ACTION ITEM =>
Print each entry as it appears. Images stay out of the copy.

(Stored data entries)
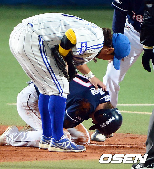 25일 오후 대구구장에서 열린 '2013 한국야쿠르트 세븐 프로야구' 한국시리즈 2차전 삼성 라이온즈와 두산 베어스의 경기 2회초 1사 2루 최재훈 타석, 2루주자 오재원이 도루에 성공하고 고통을 호소하고 있다.
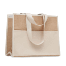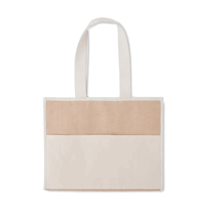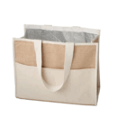 Jute with Inner Foil Lining is a cooler bag with velcro closure, front pocket and long cotton webbing handles.
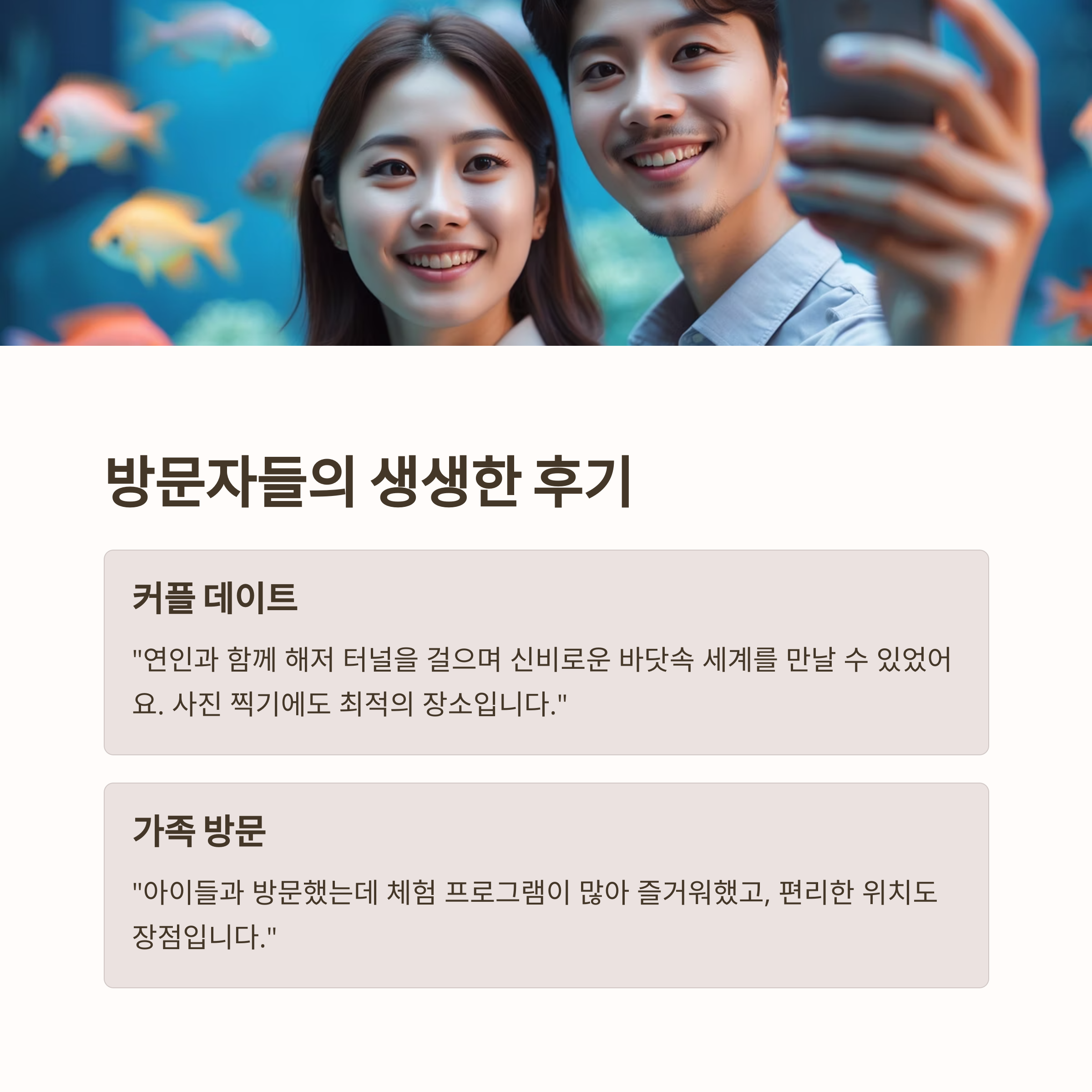 "연인과 함께 해저 터널을 걸으며 신비로운 바닷속 세계를 만날 수 있었어요.
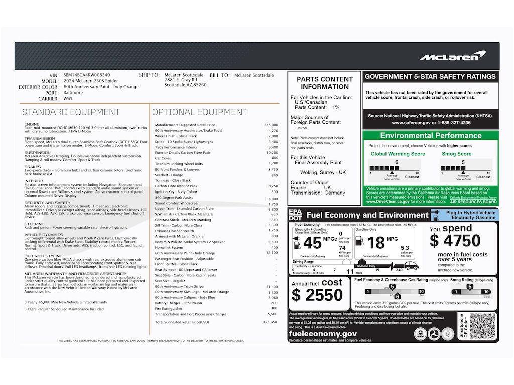 Indy Orange 60th Anniversary Triple Crown 2024 McLaren 750S RWD 7-Speed Automatic V8 Carbon Fibre Gloss Sill Trim, 60th Anniversary Triple Stripe, 60th Anniversary Kiwi Logo, 60th Anniversary Calipers - Indy Blue, 360 Degree Park Assist, Carbon Black Alcantara Steering Wheel, Carbon Fiber Body Color Fr Fenders & Louvres Upgrade, Exterior Details Carbon Fiber Pack, Gloss Carbon Fiber Upper Trim, HomeLink, Radio: Bowers & Wilkins 12-Speaker Audio System, Sound Comfort Windscreen, Stealth Exhaust Finisher, Titanium Locking Wheel Bolts, Wheels: Gloss Black Strike Forged Alloy 10-Spoke.
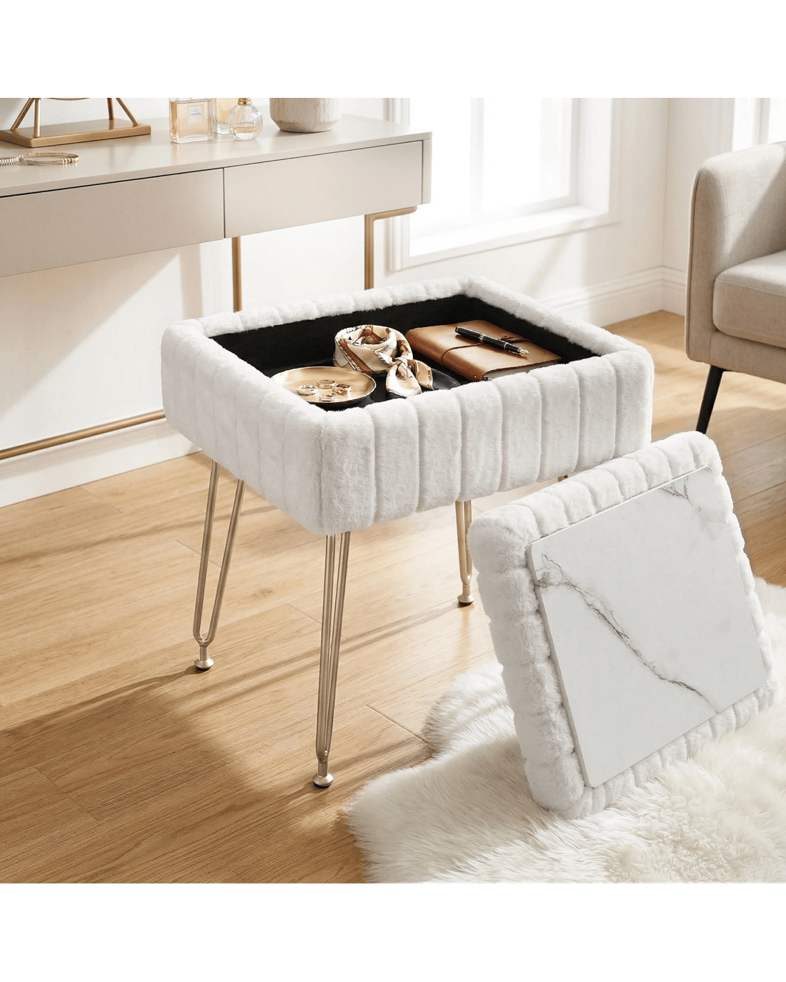 Sold by Aisle SixArtiss Storage Ottoman Vanity Foot Stool - White
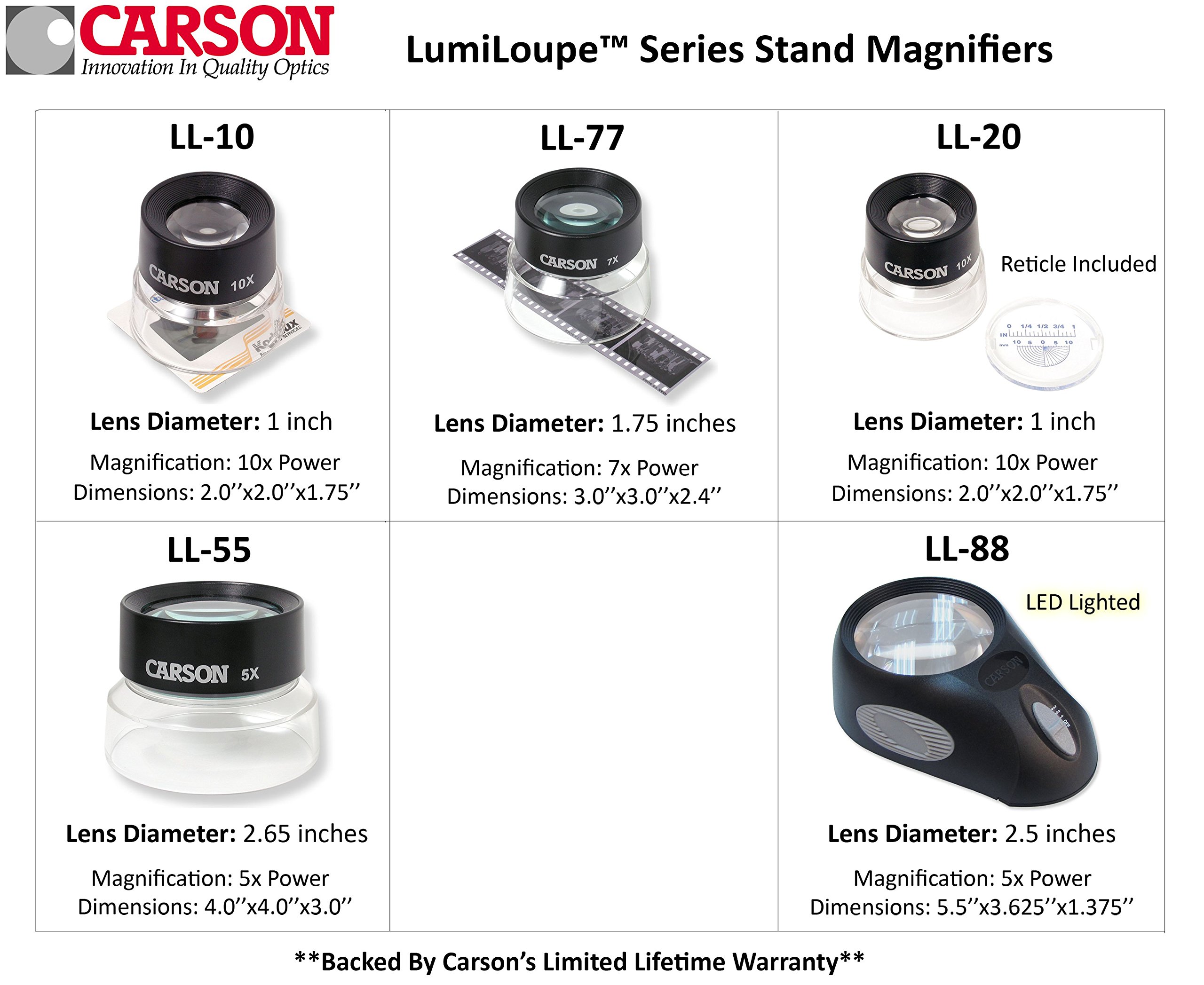 The LumiLoupe 10x Magnifier from Carson Optical is ideal for close-up examination of objects. Its transparent acrylic base allows ambient light to illuminate the subject for bright, clear viewing. The snap-on reticle lets you make accurate measurements in both millimeters and inches.

YOUR SOLUTION =>
 25일 오후 대구구장에서 열린 '2013 한국야쿠르트 세븐 프로야구' 한국시리즈 2차전 삼성 라이온즈와 두산 베어스의 경기 2회초 1사 2루 최재훈 타석, 2루주자 오재원이 도루에 성공하고 고통을 호소하고 있다.
 Jute with Inner Foil Lining is a cooler bag with velcro closure, front pocket and long cotton webbing handles.
 "연인과 함께 해저 터널을 걸으며 신비로운 바닷속 세계를 만날 수 있었어요.
 Indy Orange 60th Anniversary Triple Crown 2024 McLaren 750S RWD 7-Speed Automatic V8 Carbon Fibre Gloss Sill Trim, 60th Anniversary Triple Stripe, 60th Anniversary Kiwi Logo, 60th Anniversary Calipers - Indy Blue, 360 Degree Park Assist, Carbon Black Alcantara Steering Wheel, Carbon Fiber Body Color Fr Fenders & Louvres Upgrade, Exterior Details Carbon Fiber Pack, Gloss Carbon Fiber Upper Trim, HomeLink, Radio: Bowers & Wilkins 12-Speaker Audio System, Sound Comfort Windscreen, Stealth Exhaust Finisher, Titanium Locking Wheel Bolts, Wheels: Gloss Black Strike Forged Alloy 10-Spoke.
 Sold by Aisle SixArtiss Storage Ottoman Vanity Foot Stool - White
 The LumiLoupe 10x Magnifier from Carson Optical is ideal for close-up examination of objects. Its transparent acrylic base allows ambient light to illuminate the subject for bright, clear viewing. The snap-on reticle lets you make accurate measurements in both millimeters and inches.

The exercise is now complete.